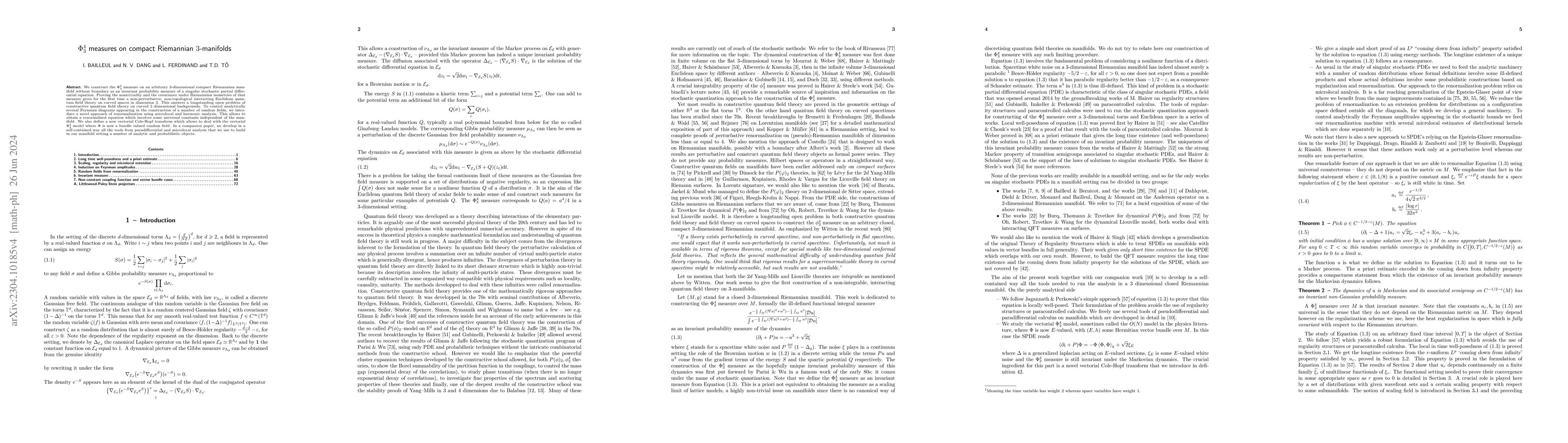 This paper constructs the $\Phi^4_3$ measure on compact Riemannian 3-manifolds as an invariant probability measure for a singular stochastic partial differential equation, establishing the first non-perturbative, non-topological interacting Euclidean quantum field theory in dimension 3. A novel renormalization approach using microlocal and harmonic analysis is introduced to control Feynman diagrams.
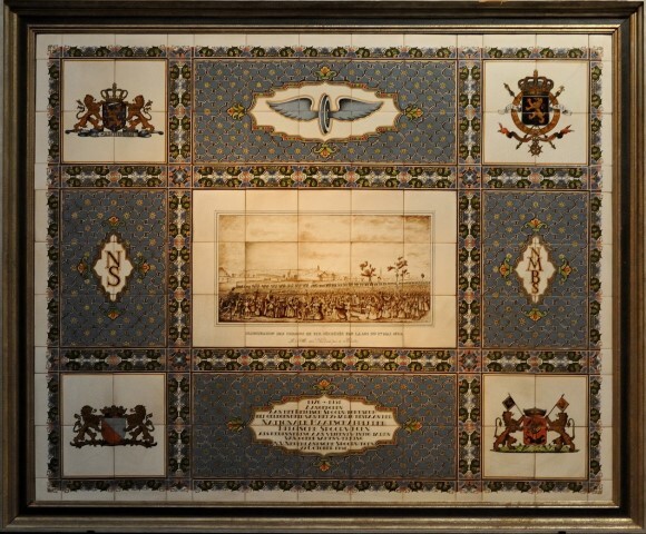 Plaat bestaande uit handbeschilderde tegels met verschillende taferelen. Centraal een afbeelding van de inhuldiging van de eerste spoorweglijn (Mechelen - Brussel) met daarboven het gevleugeld wiel. In de vier hoeken wapenschilden van het Nederlandse en Belgische koningshuis en de spoorwegmaatschappijen (NS en NMBS). Links staat het opschrift NS (Nederlandse Spoorwegen) en rechts NMBS. Onderaan staat '1926 - 1951 aangeboden aan het Belgische Spoorwegmuseum ter gelegenheid van het 25-jarig bestaan der Nationale Maatschappij der Belgische Spoorwegen als herinnering aan vijfentwintig jaren van goede samenwerking N.V. Nederlandsche Spoorwegen 22 oktober 1951'. Schenking van de Nederlandse Spoorwegen (NS).
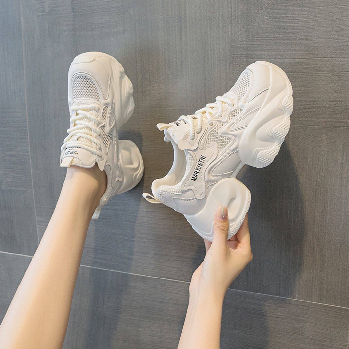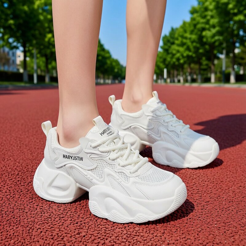8cm内增高老爹鞋女款2026新款夏季网面透气小个子厚底运动小白鞋
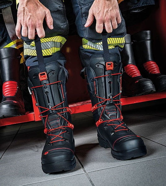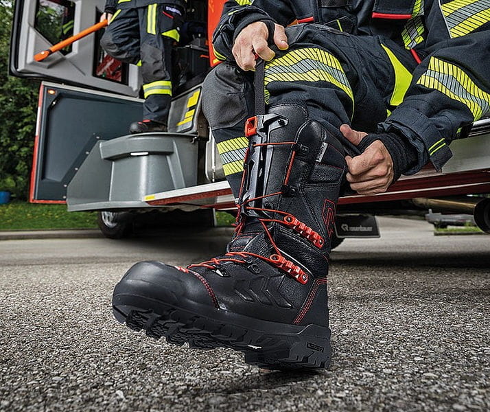 Obuwie bojowe BOROS B4 z innowacyjnym systemem dopasowania firmy Rosenbauer. Pod względem bezpieczeństwa i trwałości wszystkie modele BOROS mają identyczne właściwości i są certyfikowane zgodnie z normą europejską EN15090:
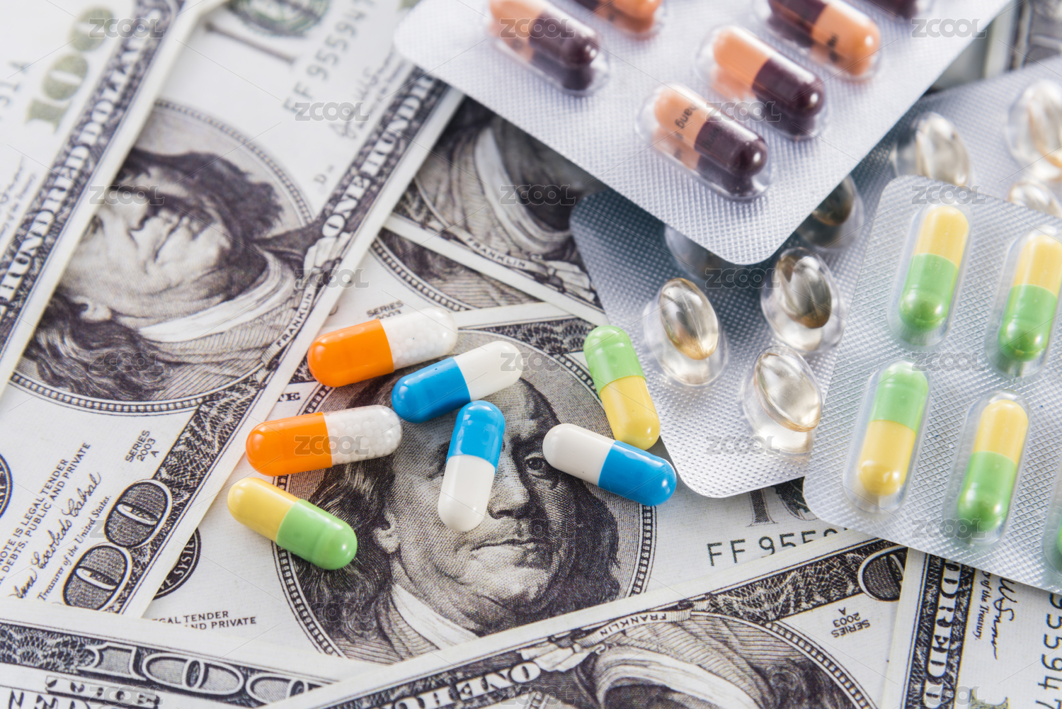 一个人坐着桌子旁看着满桌子的中药西药药丸药囊药片保健品很烦恼烦躁生病得病治病买药药价概念
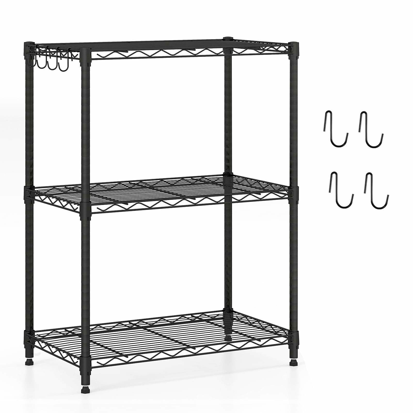 Justerbar, kraftig förvaringshylla i metall med 3 nivåer
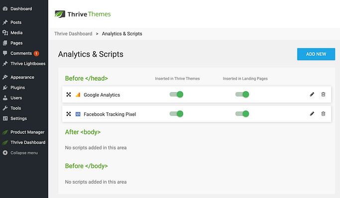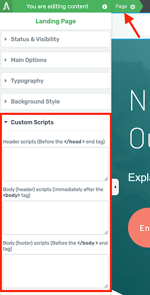 In Thrive Architect, this option has always been available and now we made it more accessible. This will allow you to add the script to LANDINGPAGES or STANDALONE PAGES even if you use a 3rd party theme.
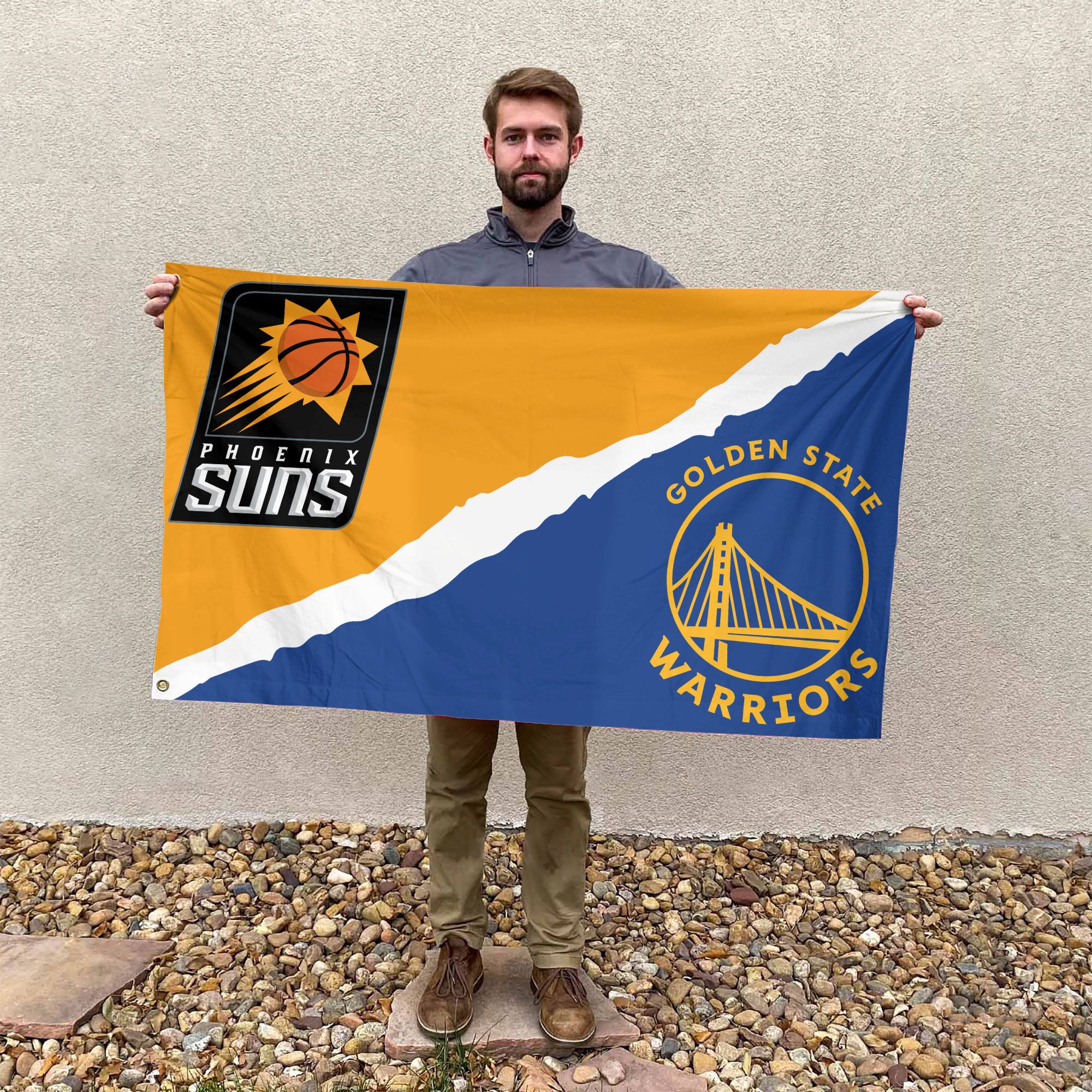 Crafted with premium materials, this vibrant flag displays the iconic logos and colors of both the Phoenix Suns and Golden State Warriors, designed to withstand outdoor conditions while showcasing your team spirit.
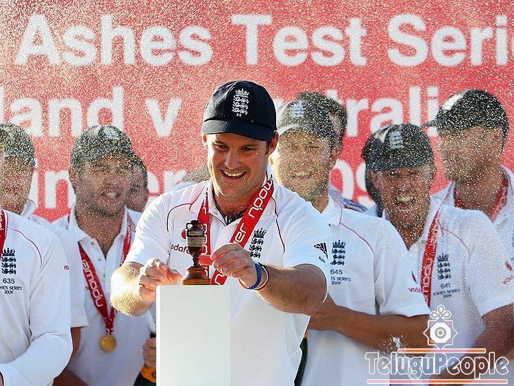 Andrew Strauss reaches for the urn as England begin to celebrate.
====
YOUR TASK: Copy word for word every line from the one holding "In Thrive Architect, this" to the end of the listing, both ends included, but do not copy any pictures.

REPLY:
 In Thrive Architect, this option has always been available and now we made it more accessible. This will allow you to add the script to LANDINGPAGES or STANDALONE PAGES even if you use a 3rd party theme.
 Crafted with premium materials, this vibrant flag displays the iconic logos and colors of both the Phoenix Suns and Golden State Warriors, designed to withstand outdoor conditions while showcasing your team spirit.
 Andrew Strauss reaches for the urn as England begin to celebrate.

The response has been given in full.